ABSTRACT

My first encounter with PlanetOut (2009) came from watching a promo on a VHS copy of Brian Sloan’s I Think I Do (1997), an independent film distributed by New York City-based Strand Releasing. In the ad, a car driven by a merry band of “queer” travelers breaks down in rural America.The travelers succeed in dragging the car to the nearest town,where a mechanic tells them that repairs will take two days.While most of the travelers are saddened, a savvy drag queen convinces a young mechanic to post a party invitation on PlanetOut, and soon, a dance party breaks out in a nearby barn. PlanetOut’s promo illustrates two common 1990s attitudes towards the Internet: that Internet technology could overcome the tyranny of geography and that it would enable new forms of queer cultural flows.
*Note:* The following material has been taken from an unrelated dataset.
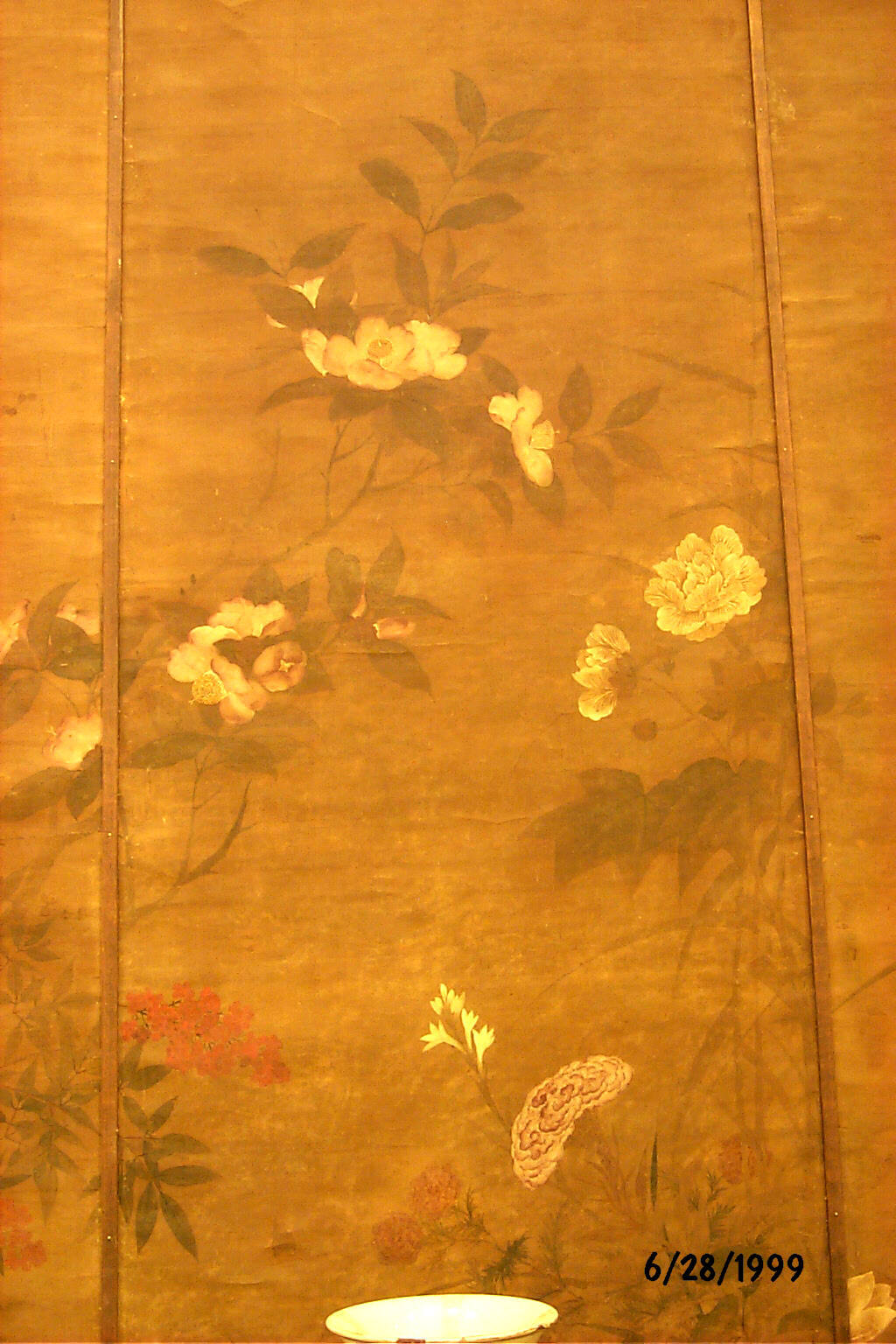 DescriptionLavender cockscomb, tuberoses, and mallow flower. One of a set of twelve hanging scrolls representing flowers of all seasons.

PlanetOut’s marketing messages in the 1990s were more than simply pragmatic business moves.The company’s messages epitomized the utopian visions of early Internet commerce, and the belief that new technologies, content forms, and structures of distribution would provide “better” representations of sexual alterity that would stimulate LGBT equality.As PlanetOut emerged as a major player in queer media, however, the company began to face charges that its role in queer media conglomeration was hastening the homogenization of queer culture and taking the charge out of queer politics (Gamson 2003). In this chapter, I examine PlanetOut’s economic and industrial history and examples of web design in order to better understand how queer web users have been defined and targeted in the new economy.